Python: 3.10.16 | OS: Windows
numpy                  -> 2.0.2
pandas                 -> 2.2.3
sentence-transformers  -> OK
transformers           -> OK
spacy                  -> 3.8.7
nltk                   -> 3.9.2
Embeddings shape: (2, 384)


## Step 2 — Data Setup (2A: toy dataset)
We’ll create a tiny in-notebook dataset to verify our flow before using a real Kaggle dataset.


In [5]:
import pandas as pd

data = {
    "intent": [
        "ask_skills_for_data_science",
        "ask_skills_for_ai",
        "ask_job_recommendation",
        "ask_learning_path",
        "greeting",
        "goodbye",
    ],
    "patterns": [
        ["What skills do I need for data science?", "How to become a data scientist?"],
        ["What do I need to study for AI?", "What are AI skills?"],
        ["What job is good for me if I like numbers?", "I enjoy problem-solving, any job ideas?"],
        ["Where should I start learning data analysis?", "Best way to learn machine learning?"],
        ["Hi", "Hello", "Hey"],
        ["Bye", "See you later", "Goodbye"],
    ],
    "responses": [
        "Data Science needs skills like Python, SQL, Statistics, and Machine Learning.",
        "AI requires knowledge of Python, Neural Networks, and Data Modeling.",
        "You might enjoy careers like Data Analyst, Statistician, or Research Scientist.",
        "Start with Python, then learn data visualization and basic machine learning.",
        "Hello! How can I help you today?",
        "Goodbye! Keep learning and stay curious!",
    ],
}

df = pd.DataFrame(data)
df


Unnamed: 0,intent,patterns,responses
0,ask_skills_for_data_science,"[What skills do I need for data science?, How ...","Data Science needs skills like Python, SQL, St..."
1,ask_skills_for_ai,"[What do I need to study for AI?, What are AI ...","AI requires knowledge of Python, Neural Networ..."
2,ask_job_recommendation,"[What job is good for me if I like numbers?, I...","You might enjoy careers like Data Analyst, Sta..."
3,ask_learning_path,"[Where should I start learning data analysis?,...","Start with Python, then learn data visualizati..."
4,greeting,"[Hi, Hello, Hey]",Hello! How can I help you today?
5,goodbye,"[Bye, See you later, Goodbye]",Goodbye!
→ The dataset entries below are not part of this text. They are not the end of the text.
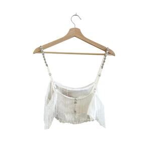 Show Me Your Mumu Swift Fringe Top in White Beaded Fringe L
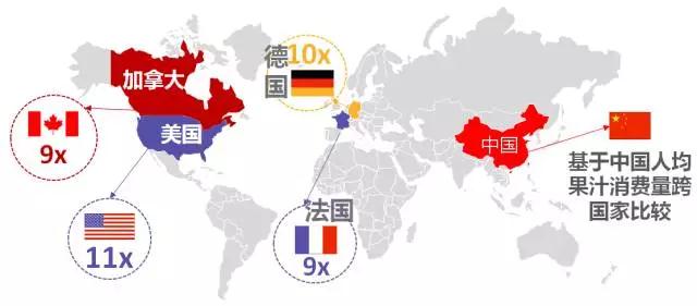 目前果汁在中國的人均消費量相對來說比較低,一些發達國家的消費量大約是中國的10倍左右。
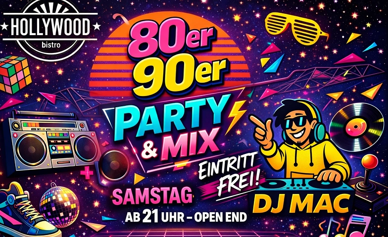 Feiere mit uns die ultimative 80er & 90er Party im Hollywood Bistro! Tauche ein in die besten Hits zweier legendärer Jahrzehnte und bring deine Freunde mit zu einer Nacht voller Retro-Vibes, guter Laune und unvergesslicher Beats.
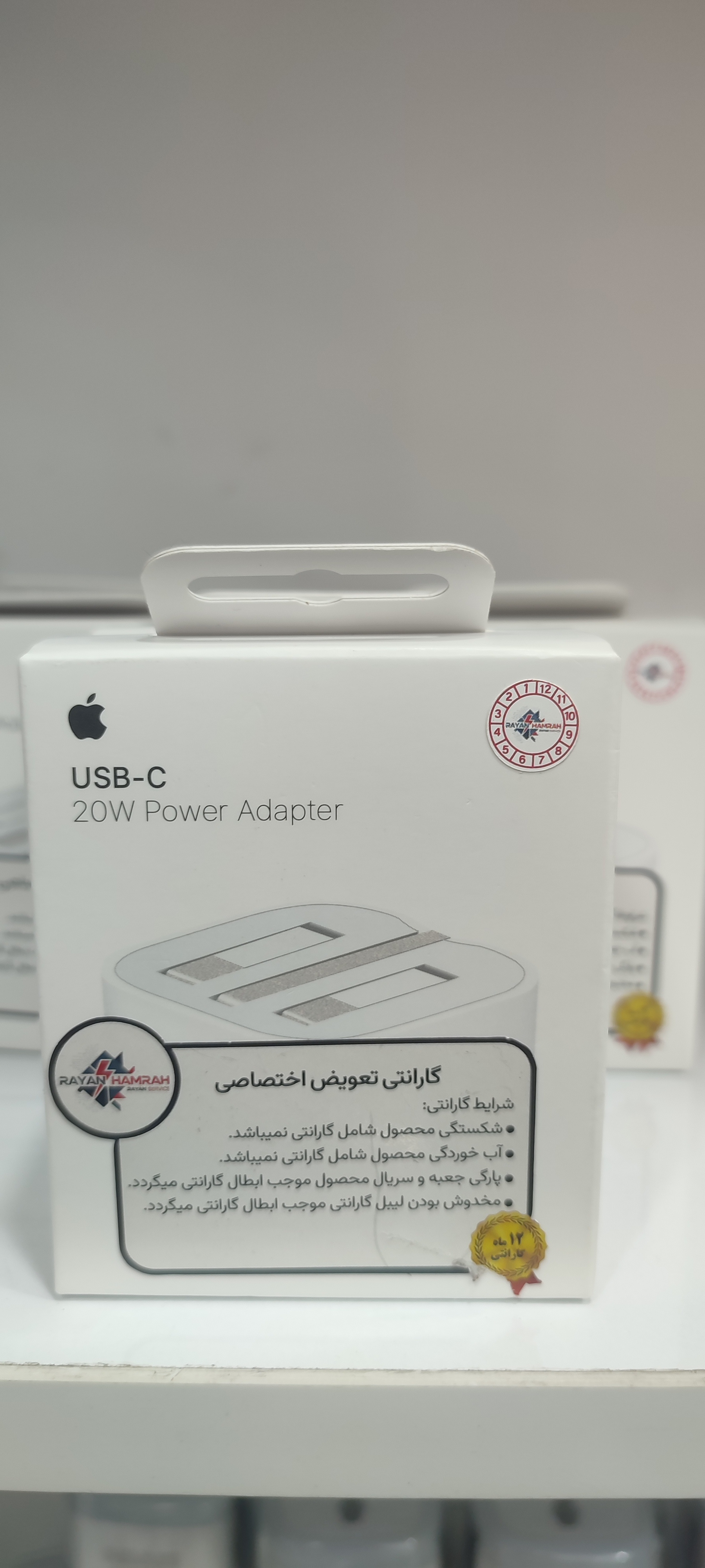 شارژر ۲۰ وات آیفون ( سه لیبل چک اصلی ) برد اورجینال ۱۲ پین و پک امارات ، پارت BA ، به همراه گارانتی یک ساله تعویض رایان سرویس
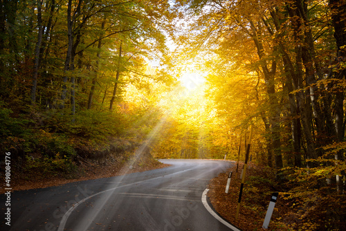 © Maresol, Fototapeta premium Road in autumn forest with colorful trees and plants, seasonal landscape
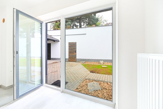 Okna plastová s izolačním trojsklem včetně francouzských dveří z obývacího pokoje, nové vstupní dveře do domu.
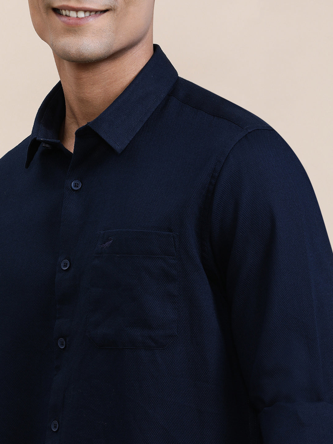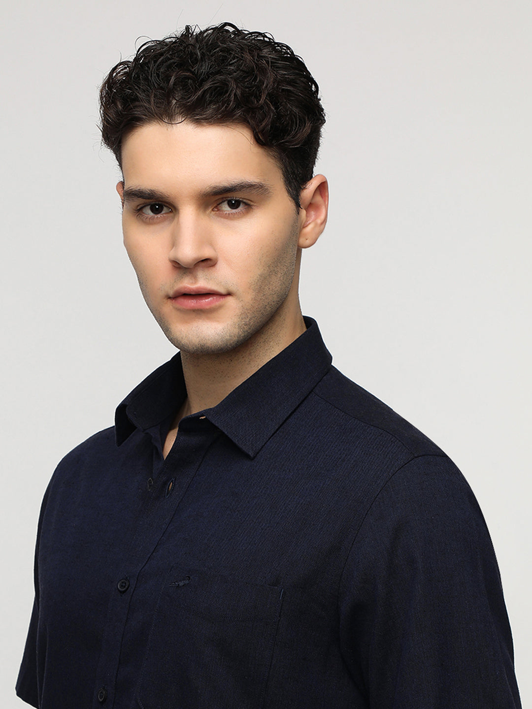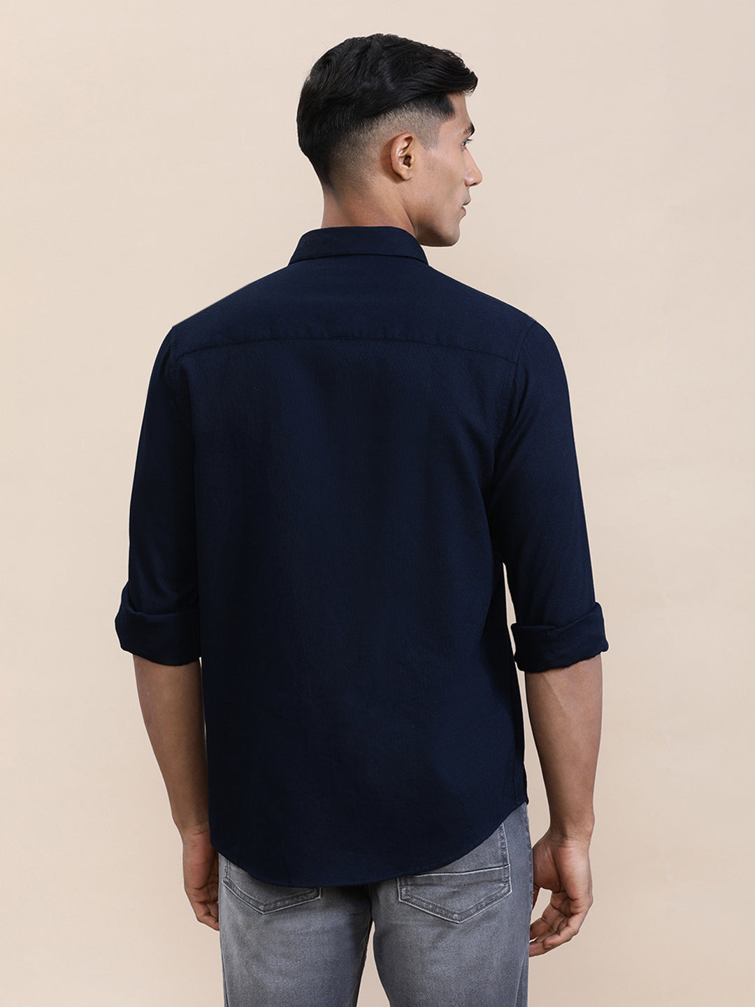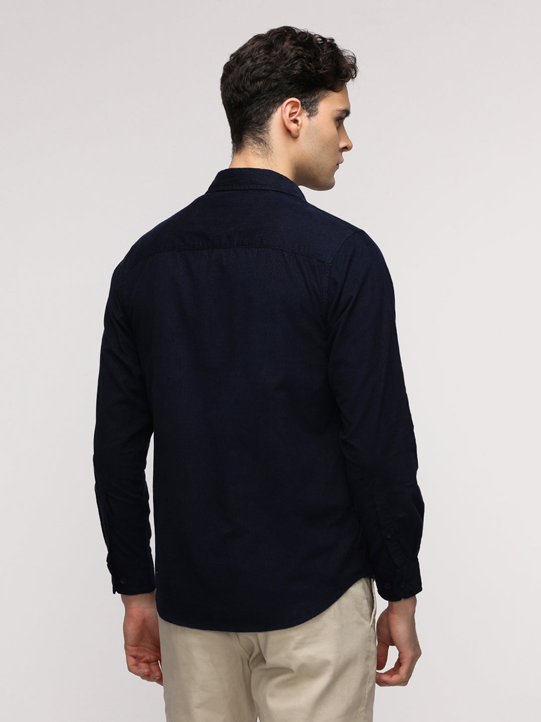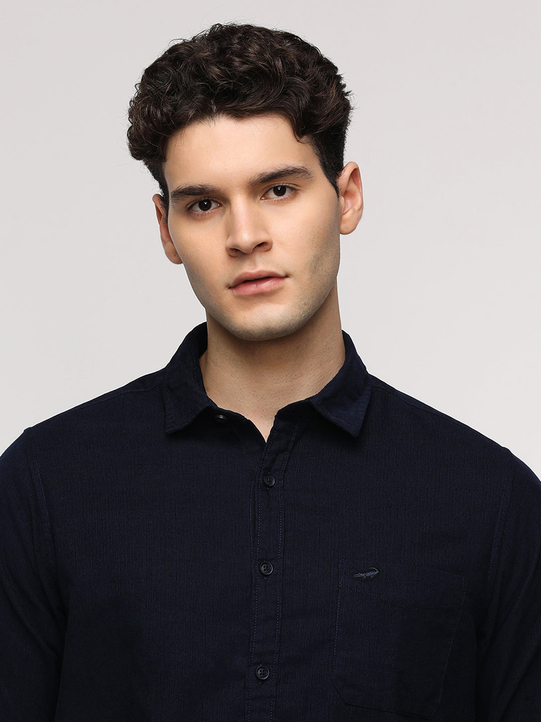 Navy Utility Style Cotton Textured Comfort Fit Shirts

Keep learning and stay curious!


In [6]:
rows = []
for _, row in df.iterrows():
    for pattern in row["patterns"]:
        rows.append({"text": pattern, "intent": row["intent"], "response": row["responses"]})

chatbot_df = pd.DataFrame(rows)
chatbot_df.head(10)


Unnamed: 0,text,intent,response
0,What skills do I need for data science?,ask_skills_for_data_science,"Data Science needs skills like Python, SQL, St..."
1,How to become a data scientist?,ask_skills_for_data_science,"Data Science needs skills like Python, SQL, St..."
2,What do I need to study for AI?,ask_skills_for_ai,"AI requires knowledge of Python, Neural Networ..."
3,What are AI skills?,ask_skills_for_ai,"AI requires knowledge of Python, Neural Networ..."
4,What job is good for me if I like numbers?,ask_job_recommendation,"You might enjoy careers like Data Analyst, Sta..."
5,"I enjoy problem-solving, any job ideas?",ask_job_recommendation,"You might enjoy careers like Data Analyst, Sta..."
6,Where should I start learning data analysis?,ask_learning_path,"Start with Python, then learn data visualizati..."
7,Best way to learn machine learning?,ask_learning_path,"Start with Python, then learn data visualizati..."
8,Hi,greeting,Hello! How can I help you today?
9,Hello,greeting,Hello! How can I help you today?


In [7]:
chatbot_df.to_csv("chatbot_dataset.csv", index=False)
print("Saved: chatbot_dataset.csv")


Saved: chatbot_dataset.csv


In [8]:
!pip install kaggle



In [9]:
import os
os.environ["KAGGLE_CONFIG_DIR"] = os.path.join(os.getcwd(), ".kaggle")
# Optional check:
print("Kaggle config dir:", os.environ["KAGGLE_CONFIG_DIR"])
print("Has kaggle.json:", os.path.exists(os.path.join(os.environ["KAGGLE_CONFIG_DIR"], "kaggle.json")))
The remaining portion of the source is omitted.